For over a century, Black Friday was foretold by the appearance of Santa Claus at the end of the Macy’s Thanksgiving Day parade and his proclamation of “Ho ho ho! Ho ho ho!”
A loose translation from Santa’s native Arctic Elvish is as follows:
What up, y’all. Happy Thanksgiving! I’m here to let you know that it’s totally cool to start preparing for Christmas tomorrow, Friday, after all the football and turkey and whatever else you’ve got going on today. Yes, Christmas is a big G. D. deal, but, for now though, go home, eat some pumpkin pie and some apple pie and hang out with your families. Don’t sweat the next thing. I mean, that’s a terrible way to live. It’s not really a way to live at all. Am I being too subtle here?
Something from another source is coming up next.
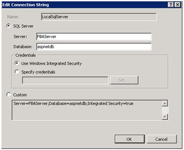 <add name="SqlAuth" connectionString="Data Source=FBAServer;Integrated Security=SSPI;Initial Catalog=aspnetdb;" />

What I’m saying is, if you so much as fucking think about Christmas today, I will know -– I will fucking know — and I will find you and I will gut you and then I will feed you to my reindeer.
Retailers lived in such fear of the Claus that they steadfastly refused to put out Christmas advertisements until after Thanksgiving ended in the Pacific time zone, as it was a well-known fact that the last parade stop for Santa Claus was San Diego and he had a habit of tying one on afterwards. It was also a well-known fact that he was a mean table-flippin’ drunk.
Up until the 1930s Thanksgiving was always celebrated on the last Thursday of November, without fail, because Abraham Lincoln said so. Sadly, Honest Abe didn’t factor the holiday profits of monolithic corporations into his declaration of a day of brotherhood and thanks, and the last Thursday of November sometimes fell so late in the month that there were only three weeks leading up to Christmas instead of four. These seven missing days meant that R. H. Macy & Co. and other giant department stores occasionally did not make all of the money. So outraged were these corporations, they actually petitioned President Franklin D. Roosevelt to have Thanksgiving moved up a week so they could siphon more money from gullible shoppers. FDR gladly complied, presumably because Eleanor wasn’t around to tell him shifting the date of a national holiday at the whims of rich people was a horrible idea.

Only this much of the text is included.